A pair of series will continue at Monmouth College Jan. 30-31, when the College hosts a Great Decisions discussion forum and an Archaeology Lecture, both led by Monmouth faculty.
Anthropology professor Petra Kuppinger will take a closer look at the volatile Middle East when she leads a Great Decisions discussion at 7:30 p.m. Jan. 30 in Room 276 of the College’s Center for Science and Business.
Kuppinger will discuss how the administration of President Donald Trump has aligned itself with strongmen in Saudi Arabia, the United Arab Emirates and Egypt, which along with Israel have a common goal of frustrating Iranian expansion.
She and the Great Decisions group will attempt to answer such questions as: What will be the fallout from policy reversals such as withdrawing from the Iranian nuclear accord and moving the U.S. embassy in Israel to Jerusalem?
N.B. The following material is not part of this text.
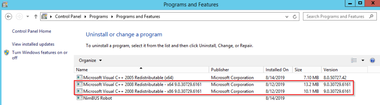 Possible cause would be the missing Microsoft Visual C++ 2008 Redistributable x64 and x86 packages.
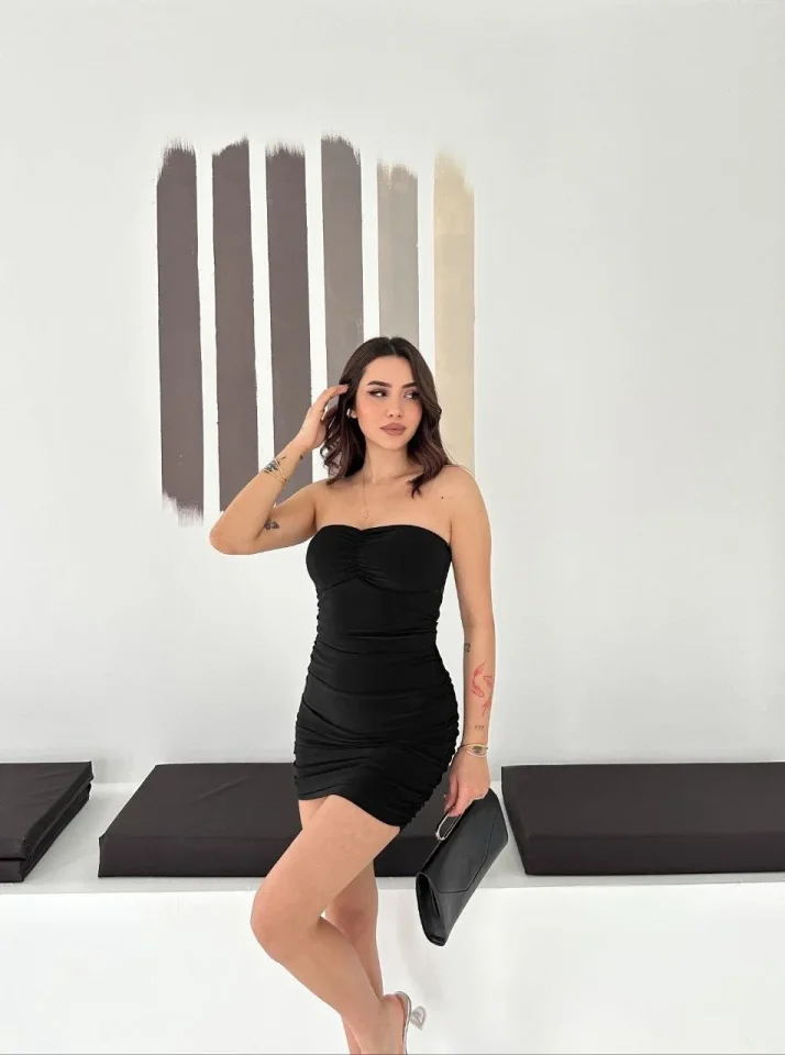 Drapeli Straplez Mini Elbise Esnek Kumaş Vücuda Oturan Gece Elbisesi – Siyah Modelin Ölçüleri: Boy:165, Kg:55, Göğüs:90, Bel:72, Kalça: 100 Modelin üzerindeki ürün M/38 bedendir

Does the United States see a path forward in troubled states such as Syria, Yemen, Libya and Iraq? Is the United States headed toward war with Iran?
At 7:30 p.m. Jan. 31 in the Pattee Auditorium on the lower level of the Center for Science and Business, classics lecturer Alana Newman will deliver a talk titled “The Gender Performativity of Ptolemaic Queens: Evidence from the Faience Oinochoai.”
Faience oinochoai are ritual wine jugs decorated with portraits of queens from the Ptolemaic dynasty (c. 323-31 BC).
“(The jugs) provide a unique and highly gendered body of material that can improve our understanding of the ways these women held power,” said Newman, who will use the lens of third-wave feminist theory to examine the queens’ visual vocabulary.
New to Monmouth’s faculty last fall, Newman earned her undergraduate degree in classical civilizations from Ohio University. She completed her graduate studies at the University of Edinburgh in Scotland, receiving a master’s degree in classical art and archaeology and a doctorate in classics.
Great Decisions and the Archaeology Lecture series are both free and open to the public. Great Decisions is a nationwide program sponsored by the Foreign Policy Association, a non-partisan, non-governmental association that works to increase Americans’ understanding of significant foreign policy issues. Newman’s talk is sponsored by the Archaeological Institute of America’s Western Illinois Society.